"Criticizing financial sabotage": Unions express discontent over proposal for reduced VAT in the hospitality industry
In a bid to support small businesses within the hospitality industry, the Irish Government is considering a reduction in Value Added Tax (VAT) from 13.5% to 9%, similar to the rate during the COVID-19 pandemic. This move aims to make services such as restaurants, cafes, and hairdressing more affordable and financially sustainable, helping the sector recover from economic pressures[1][4][5].
However, this VAT cut is expected to be costly, with estimates suggesting it could cost up to €1 billion annually[1][2][5]. This significant expense has raised concerns about fiscal trade-offs, including potential limitations on other tax cuts or adjustments to overall government spending[1][2][5]. Minister for Finance Paschal Donohoe has indicated that the full tax package could be reduced if economic conditions worsen, highlighting the VAT cut's impact on broader fiscal policy[1][2][5].
The proposal has sparked a debate between the government and unions. The Irish Congress of Trade Unions (ICTU) has criticised the VAT cut, describing it as "economic vandalism" due to the large sum of public resources diverted towards hospitality businesses rather than supporting workers or broader social programmes[3]. In contrast, the government argues that the measure is necessary to protect and stimulate a sector with low margins and high costs, helping jobs and investment in hospitality and tourism[5].
Sean Collender, the new president of the Restaurant Association of Ireland, supports the VAT reduction as an important step to support the industry.
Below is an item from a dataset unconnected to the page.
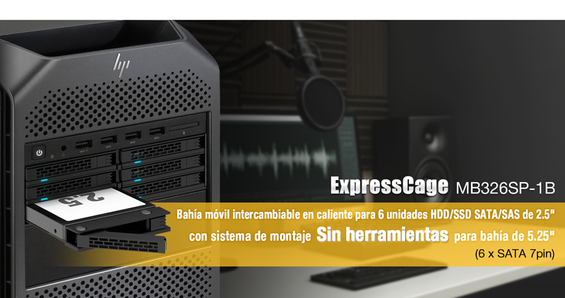 Nota: El ExpressCage MB326SP-1B no es compatible con HDD/SSD SAS, los cuales también requieren alimentación de 12V para funcionar.

He has outlined challenges faced by the hospitality industry, including rising costs such as labor, energy, and other operating expenses[1]. Collender also mentioned issues like the risk-reward ratio for opening businesses and the high failure rate in the industry as areas that need government attention[1].
Minister for Enterprise, Tourism and Employment Peter Burke has defended the plans to cut VAT for the hospitality sector, stating that the VAT reduction is a jobs measure to sustain employment in the sector[1]. Tánaiste Simon Harris previously said the Government made a "solemn" promise to cut the VAT rate for hospitality in the budget[1]. The Programme for Government includes measures to support Small and Medium Enterprises (SMEs), particularly those in the retail and hospitality sector[1].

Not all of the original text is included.